Auckland Council’s advisory notes on Mixed Housing Suburban zone developments stipulate that at least 40 percent of the property’s use must be in lawns or gardens – to provide for environmentally-conscious outdoor living areas or views from within the home.
Karaka is one of 15 Greater Auckland outer urban settlements identified by Auckland Council in its Future Urban Land Strategy paper published in 2017 – alongside the likes of Silverdale, Red Beach and Hatfields Beach to the north of the city, and Clevedon, Kingseat, Clarks Beach, Glenbrook Beach and Patumahoe to the south of the city.
Ms Liu said that with Auckland’s population projected to reach more than 2.4 million residents by 2047, there was capacity for up to 400,000 new dwellings to be built in those locations – turning them from rural settlements into stand-alone urban townships.
“As part of a quality compact approach to growth, Auckland Council anticipates that up to 70 per cent of new dwellings will be built within the existing urban area and up to 40 per cent outside of this in locations such as Karaka,” Ms Liu said.
“The Auckland Plan stresses the importance of providing a pipeline of land supply in both brownfields and greenfields – such as Oakland Road. The southern boundaries of Greater Auckland make up the largest proportion of future urban areas in the metropolis – totaling some 45 percent.
“Creating good quality places in accordance with the Auckland Plan will be achieved by selecting areas such as Karaka that connect new communities in close proximity to existing social infrastructure and services, delivering economies of scale as larger areas can be more readily planned with a full range of land use that a community needs, and safeguarding enough business land to support and balance residential supply.”

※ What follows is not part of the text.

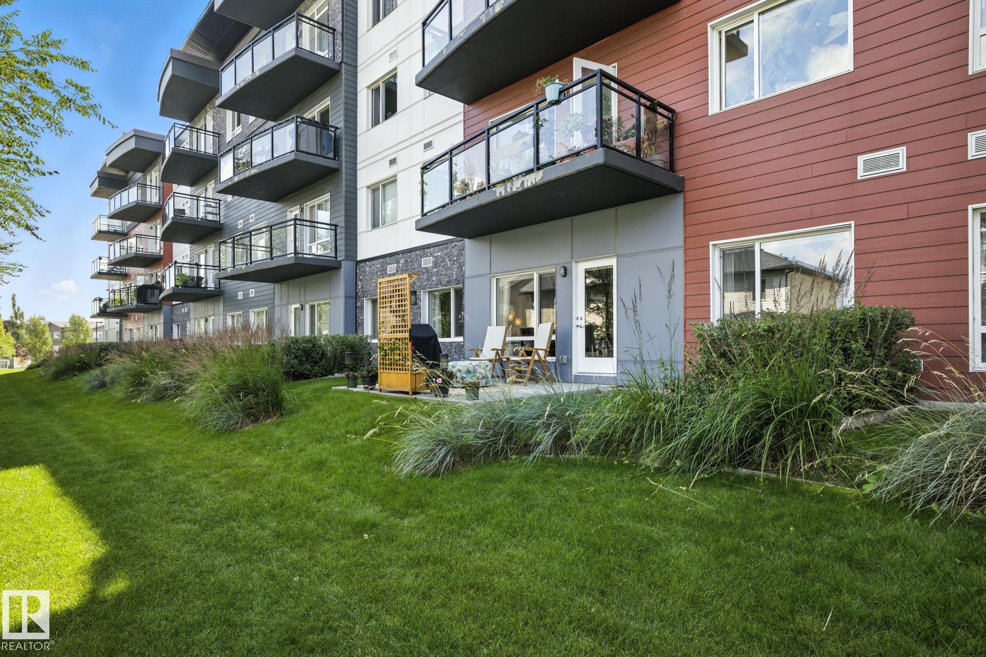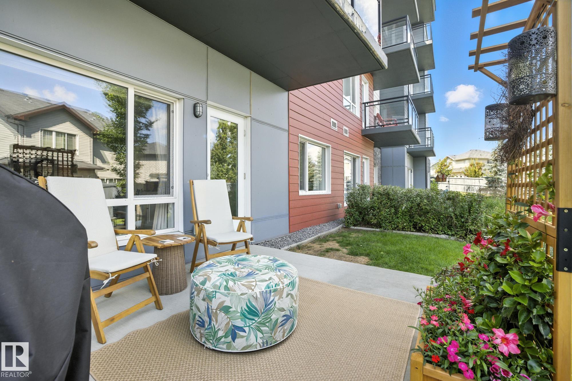 ~ IMMAQULATE 2 BEDROOM, 2 BATH MAIN FLOOR CONDO ~ CENTRAL AIR CONDITONING ~ 2 PARKING STALLS ~ 10 FOOT CEILINGS in LIVING ROOM ~ GORGEOUS HIGH END SAMSUNG APPLIANCES ~ 2 STORAGE CAGES ~ PET FRIENDLY COMPLEX ~ This unit is in absolutely mint condition. There is a good sized patio off the unit for your enjoyment of the outdoors. The kitchen has loads of cupboard space and quartz countertops, extended eating bar, garburator, and under counter lighting, plus beautiful backsplash. The flooring is Luxury Vinyl Plank throughout the unit. There is a good sized laundry room inside the unit with some extra storage space. The primary bedroom has his and hers closets plus a gorgeous ensuite bath. CONCRETE & STEEL CONSTRUCTION which makes this a quiet building to live in. The building is in great condition and has a very nice lobby. The blinds in the unit have electric motors and are remote control. Located in the wonderful community of Granville in West Edmonton, close to Anthony Henday Dr.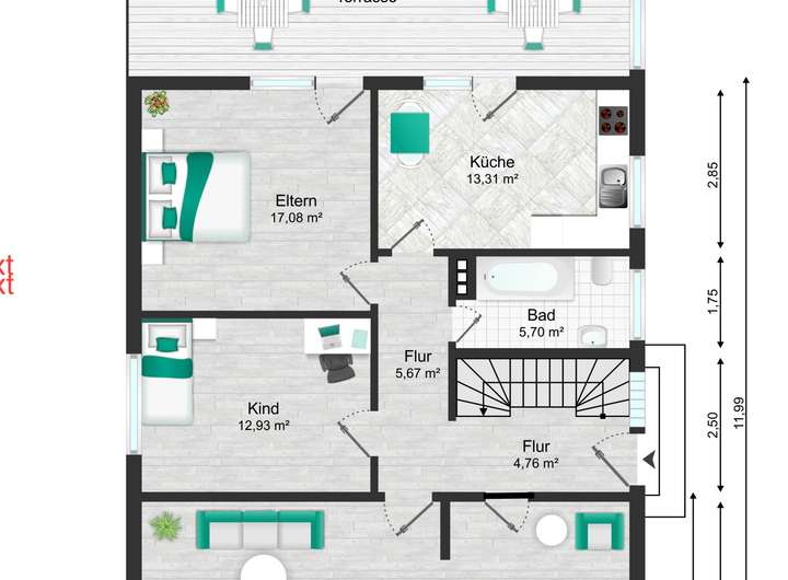 - Dachgeschoss (ca. 70 m²): vermietet, vollmöbliert

Similar sentiments were expressed in Infrastructure New Zealand’s 2017 discussion paper entitled: Meeting Auckland’s Growth Challenge: The Innovation City which highlighted that “The south represents Auckland’s opportunity to grow the city affordably and efficiently.”
“Property investors know the city will grow and they know there is money to be made betting on future zoning. Speculation is driving up the cost of land every week and reducing the ability to leverage land values to deliver affordable housing,” said the Infrastructure New Zealand report.
Fee-paying ACG Strathallan school just a few hundred metres away from the Oakland Road development site for sale runs co-ed’ classes for primary, intermediate and high school students.
Meanwhile, in the other direction also within walking distance, the Karaka Centre Hingaia is under construction to become the emerging suburb’s neighbourhood shopping and food and beverage hub - with some 43,000 square metres of commercial outlets eventually trading on completion.